Friday, October 5, 2007

drinking age: 18 vs. 21

On ethical grounds, the choice of drinking age is largely arbitrary. The matter, then, should rest on practical grounds and the data...

Again, a hat tip to Jacob Sullum in this month's Reason...

The primary argument for 18 (vs. 21) is saving lives. A recent NBER's study by Harvard's Jeffrey Miron and Yale's Elina Tetelbaum find little improvement in the statistics, resulting from the changes in the laws. (This is much easier to study since states passed laws about this over a period of years.)

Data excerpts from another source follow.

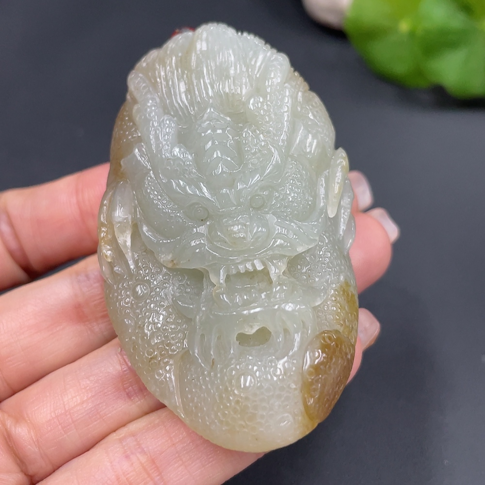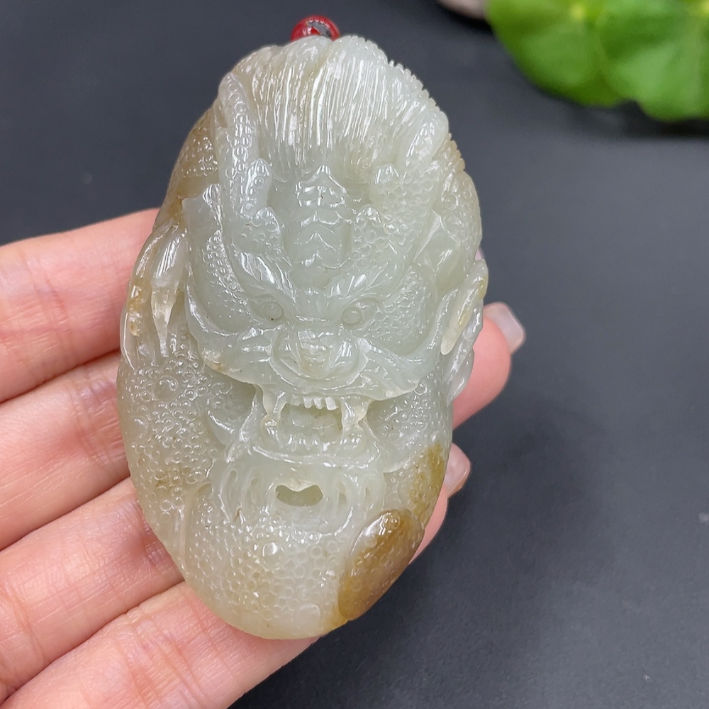 Hetian Jade Pendant Dragon Undetermined Skin Color Cause Total Weight Approx. [Including Rope] 75.7g
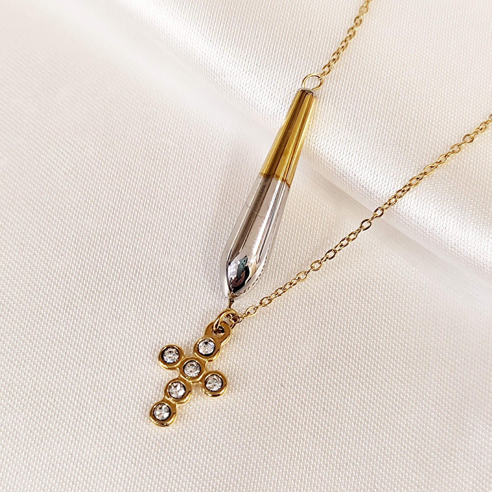Κολιέ από ανοξείδωτο ατσάλι επίχρυσο διακοσμημένο με ζιρκόνια.
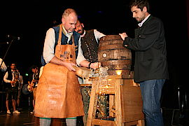 Bevor Klaus Heilinglechner sich die Lederschürze umband und zum Hammer griff, verriet Hofbräuhaus-Traunstein-Mitinhaber Maximilian Sailer, dass beim Brauen des Fastenbocks ausschließlich bayerische Rohstoffe verwendet wurden. „In den Brauereikellern ist er bis zur kräftigen Vollendung gereift. Wir verwenden natürlich auch kein Glyphosat“, erklärte Sailer. Heilinglechner zapfte das Fass schließlich mit drei Schlägen an. Dafür gab’s ebenso viel Applaus wie anschließend für die Musik von Bergluft, die unter anderem mit nachgespielten Liedern von STS, Rainhard Fendrich und der Steve Miller Band zu gefallen wussten.

M&T find a 8% drop in fatalities for 18-20 year olds. And interestingly, most of the drop was in states that voluntarily reduced their drinking ages-- before the federal government started to twist the arms of the remaining states, by threatening to withhold federal funding for roads. (As an aside, this is further evidence of federalism's effectiveness. States that "needed" to do this the most, had already done so.)

Of course, auto fatalities have decreased quite a bit since the late 1960s-- despite higher speed limits re-introduced in the 1990s. Almost all of these gains can be credited to technological advance in auto safety and medical care.

One other interesting finding: a lower drinking age has led to a modest increase (3-4%) in drinking and "heavy drinking".


And then, on a related matter, from one of the lead articles in this month's Reason, David Harsanyi has an article on the same topic which is based on his recent book, Nanny State: How Food Fascists, Teetotaling Do-Gooders, Priggish Moralists, and other Boneheaded Bureaucrats are Turning America into a Nation of Children. (What a long but entertaining title!)

Harsanyi cites a study by Donald Freeman in Contemporary Economic Policy on the negligible effects of dropping Blood/Alcohol Content (BAC) standards from .10% to .08%. Whether the states adopted the new standard on their own or were coerced into it by the Federal government, "there's no evidence that lowering the BAC limits...reduced fatality ates, either in total or in crashes likely to be alcohol-related."

According to Harsanyi, in 1982, 60% of traffic-related fatalities were related to alcohol and this number fell steadily until 1997 when it reached about 40% (and has stayed steady since). He credits the work of MADD and others efforts to educate the public and stigmatize drunk driving. But the new, tighter restrictions were of no evident, practical use.